Mücadeleye adanmış bir ömür: İne Akgün

Kadın Haberleri —

  •  Katledilen, gözaltında kaybedilen, akıbetleri bilinmeyen çocukları ve yakınlarının bulunup, faillerin açığa çıkarılarak yargılanması için yıllarca mücadele eden annelerden biriydi İne Akgün. Mücadeleci, cesur, en önde...

 

MELİKA AYDIN - JINNEWS/İZMİR

Barış Annesi İne Akgün, 77 yıllık yaşamında dik duruşu ve kararlılığı ile ardındakilere bir direniş mirası ve mücadelesine sahip çıkan kadınları bıraktı.  

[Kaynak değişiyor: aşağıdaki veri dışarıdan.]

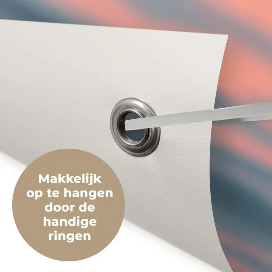 Tuinposters, ook wel tuindoek genoemd, zijn posters die specifiek geschikt zijn om buiten op te hangen. Dit tuindoek kan daarom tegen een stootje. Voor deze buitenposter is bisonyl zeil gebruikt. Dit zeil is een gecoat zeildoek met een fraaie afwerking. De tuinposter is UV-bestendig, waardoor deze niet verkleurt in de zon. In het doek zijn meerdere ringen geplaatst waardoor je het gemakkelijk op kan hangen! Tot een formaat van 120×80 cm zijn de ringen in de hoeken, bij grotere formaten komen de ringen om de 60 cm. Het doek kan uitstekend tegen de verschillende weersinvloeden en blijft gegarandeerd 3 jaar goed.

Türkiye’de iktidarların Kürt sorununu çözmemesi, baskı, saldırı, inkar politikalarından kaynaklı yaşanan savaşta binlerce insan yaşamını yitirdi. Savaşın durması, Kürt sorununun çözülmesi için mücadele edenlerin başında da Barış Anneleri geliyor. Katledilen, gözaltında kaybedilen, akıbetleri bilinmeyen çocukları ve yakınlarının bulunup, faillerin açığa çıkarılarak yargılanması için yıllarca mücadele eden annelerden birçoğu yaşamını yitirdi, mücadelelerini kendilerinden sonrakilere devretti. Bu mücadelede yaşamını yitiren annelerden biri de Barış Annesi İne Akgün.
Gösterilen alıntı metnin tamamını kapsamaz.